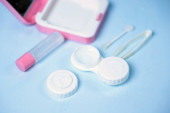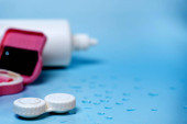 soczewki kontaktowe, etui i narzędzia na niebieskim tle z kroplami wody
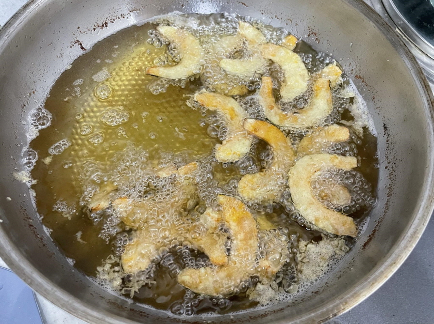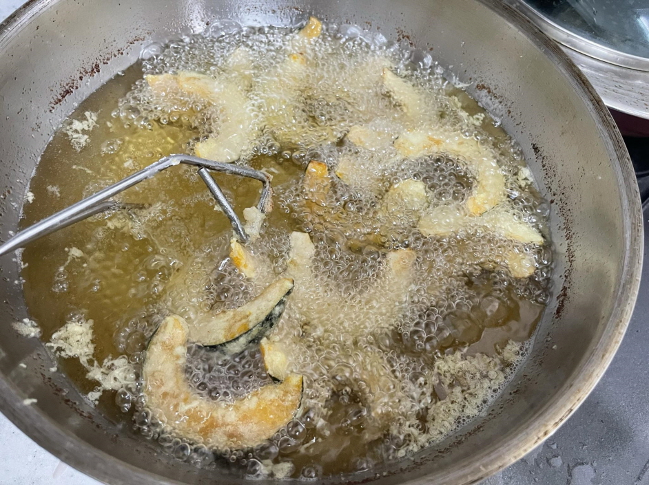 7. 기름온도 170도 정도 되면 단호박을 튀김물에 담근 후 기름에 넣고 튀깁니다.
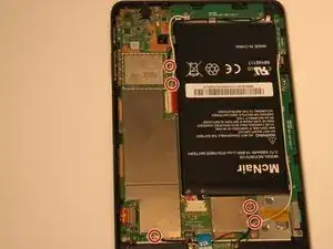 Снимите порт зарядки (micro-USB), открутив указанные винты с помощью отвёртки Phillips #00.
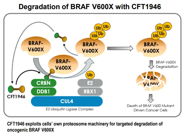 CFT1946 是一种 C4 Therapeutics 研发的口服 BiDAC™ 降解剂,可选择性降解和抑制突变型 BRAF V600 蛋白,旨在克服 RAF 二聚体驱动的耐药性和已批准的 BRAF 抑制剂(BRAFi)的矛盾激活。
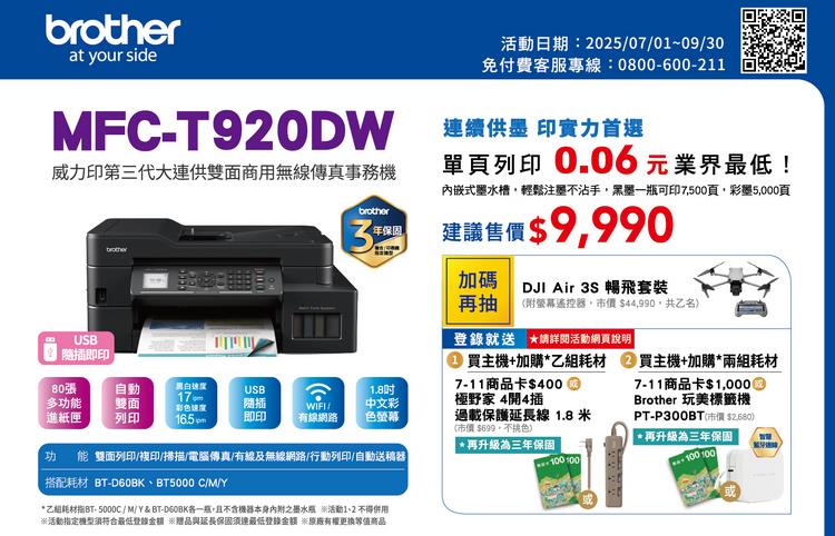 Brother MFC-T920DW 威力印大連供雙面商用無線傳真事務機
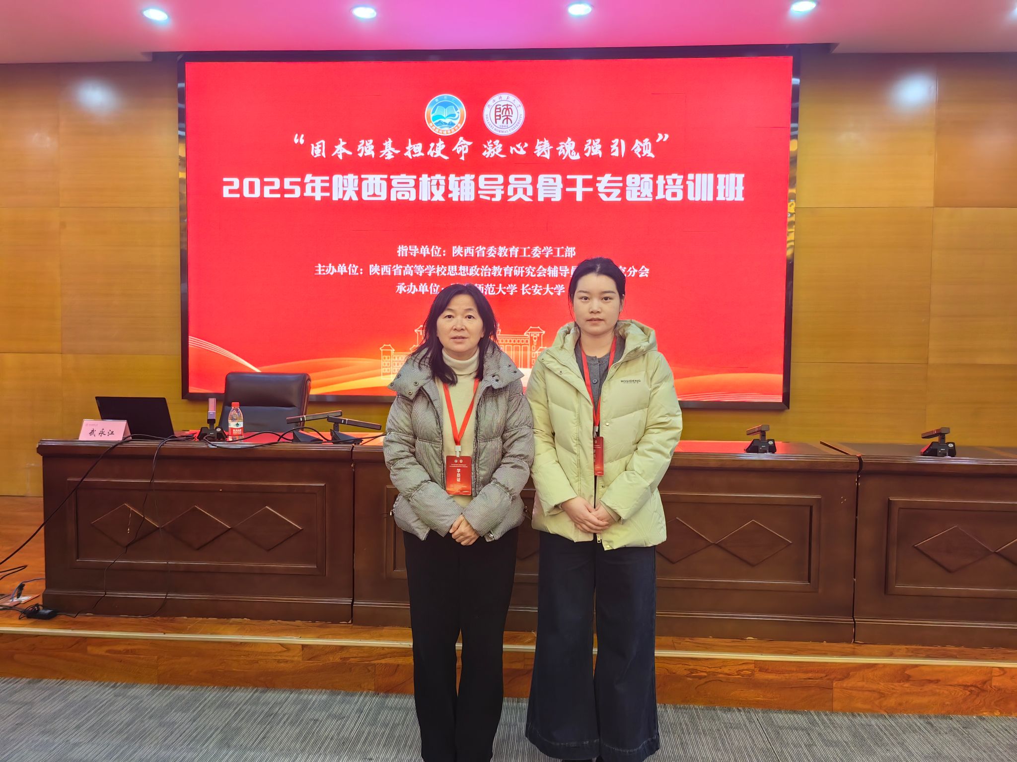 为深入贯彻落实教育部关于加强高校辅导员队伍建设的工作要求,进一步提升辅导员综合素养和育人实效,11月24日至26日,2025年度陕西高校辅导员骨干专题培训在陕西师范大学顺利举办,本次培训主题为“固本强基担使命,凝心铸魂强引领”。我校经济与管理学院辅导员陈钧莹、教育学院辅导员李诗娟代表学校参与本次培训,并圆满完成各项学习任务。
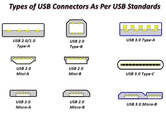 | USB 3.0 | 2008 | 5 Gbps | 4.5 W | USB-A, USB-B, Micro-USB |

==

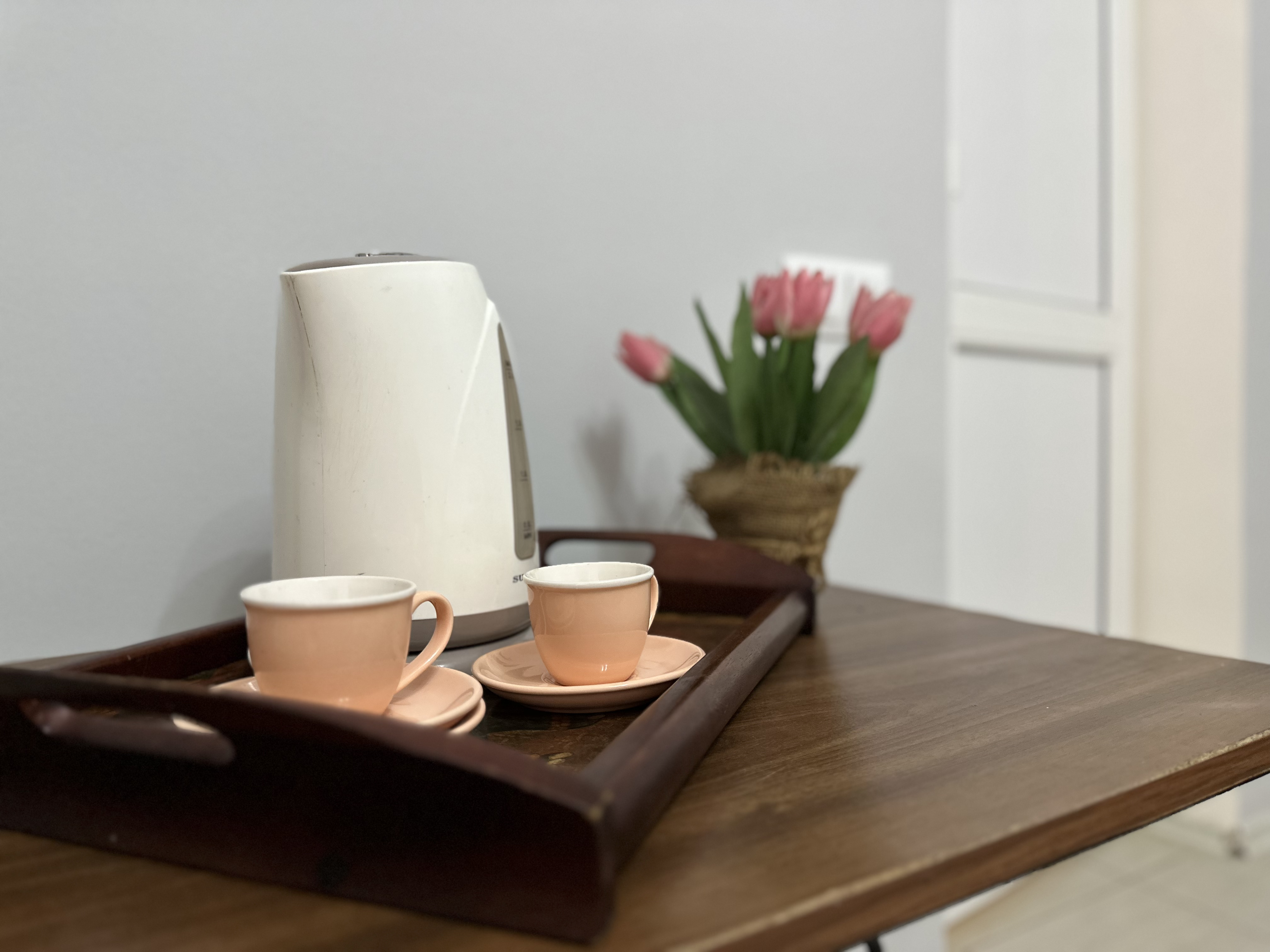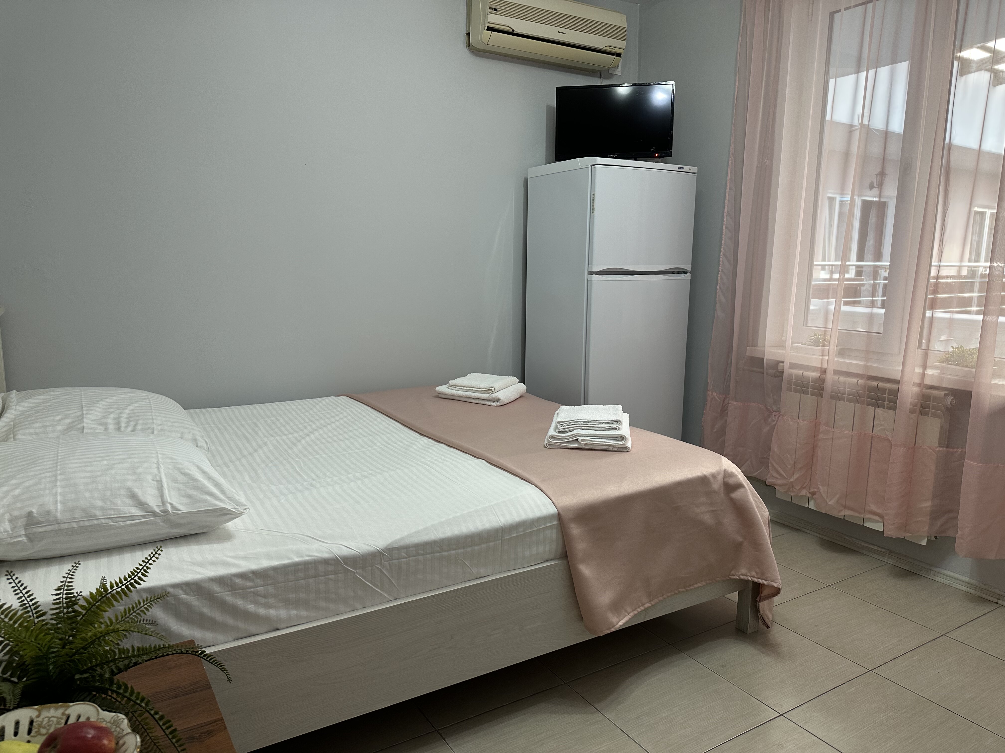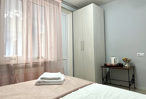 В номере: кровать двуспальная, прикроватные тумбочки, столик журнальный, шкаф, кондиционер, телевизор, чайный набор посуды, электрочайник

...

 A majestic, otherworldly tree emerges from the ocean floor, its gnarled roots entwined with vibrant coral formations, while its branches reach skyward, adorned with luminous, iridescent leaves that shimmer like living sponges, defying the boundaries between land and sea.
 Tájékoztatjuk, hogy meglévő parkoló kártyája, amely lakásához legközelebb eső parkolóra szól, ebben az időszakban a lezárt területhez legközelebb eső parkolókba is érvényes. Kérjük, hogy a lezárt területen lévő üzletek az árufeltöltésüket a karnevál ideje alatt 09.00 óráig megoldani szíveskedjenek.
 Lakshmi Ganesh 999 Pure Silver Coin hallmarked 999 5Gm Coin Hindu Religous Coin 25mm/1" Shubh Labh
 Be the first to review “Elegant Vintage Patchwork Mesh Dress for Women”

TASK:
Would you please reproduce the entries above, starting at the line with "soczewki kontaktowe, etui" and stopping after the line with "USB-B, Micro-USB |"? Omit any pictures.

TASK OUTPUT:
 soczewki kontaktowe, etui i narzędzia na niebieskim tle z kroplami wody
 7. 기름온도 170도 정도 되면 단호박을 튀김물에 담근 후 기름에 넣고 튀깁니다.
 Снимите порт зарядки (micro-USB), открутив указанные винты с помощью отвёртки Phillips #00.
 CFT1946 是一种 C4 Therapeutics 研发的口服 BiDAC™ 降解剂,可选择性降解和抑制突变型 BRAF V600 蛋白,旨在克服 RAF 二聚体驱动的耐药性和已批准的 BRAF 抑制剂(BRAFi)的矛盾激活。
 Brother MFC-T920DW 威力印大連供雙面商用無線傳真事務機
 为深入贯彻落实教育部关于加强高校辅导员队伍建设的工作要求,进一步提升辅导员综合素养和育人实效,11月24日至26日,2025年度陕西高校辅导员骨干专题培训在陕西师范大学顺利举办,本次培训主题为“固本强基担使命,凝心铸魂强引领”。我校经济与管理学院辅导员陈钧莹、教育学院辅导员李诗娟代表学校参与本次培训,并圆满完成各项学习任务。
 | USB 3.0 | 2008 | 5 Gbps | 4.5 W | USB-A, USB-B, Micro-USB |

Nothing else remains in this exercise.